1. Overview
Regular expressions can be used for a variety of text processing tasks, such as word-counting algorithms or validation of text inputs.
In this tutorial, we’ll take a look at how to use regular expressions to count the number of matches in some text.
2. Use Case
Let’s develop an algorithm capable of counting how many times a valid email appears in a string.
To detect an email address, we’ll use a simple regular expression pattern:
Note that this is a trivial pattern for demonstration purposes only, as the actual regex for matching valid email addresses is quite complex.

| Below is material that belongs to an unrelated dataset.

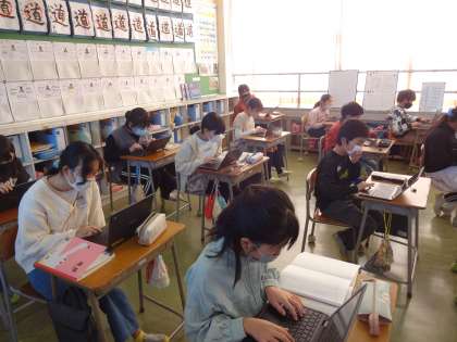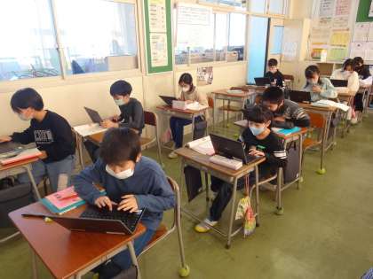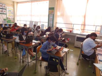 その議題で話し合うために、一人一人が方策を考え、クロームブックでまとめています。クロームブックでは、自分の考えを入力しながら、友達の考えも見ることができます。

We’ll need this regular expression inside a Pattern object so we can use it:
We’ll look at two main approaches, one of which depends on using Java 9 or later.
我们将看两个主要的方法,其中一个取决于使用Java 9或更高版本。
For our example text, we will try to find the three emails in the string:
"You can contact me through writer@baeldung.com, editor@baeldung.com, and team@bealdung.com"
3. Counting Matches for Java 8 and Older
3.为Java 8和更高版本计算匹配数
Firstly, let’s see how to count the matches using Java 8 or older.
首先,让我们看看如何使用Java 8或更高版本来计算比赛。
A simple way of counting the matches is to iterate over the find method of the Matcher class. This method attempts to find the next subsequence of the input sequence that matches the pattern:
int count = 0;
while (countEmailMatcher.find()) {
Using this approach, we’ll find three matches, as expected:
assertEquals(3, count);
Note that the find method does not reset the Matcher after every match found — it resumes starting at the character after the end of the previous sequence matched, so it wouldn’t work to find overlapping email addresses.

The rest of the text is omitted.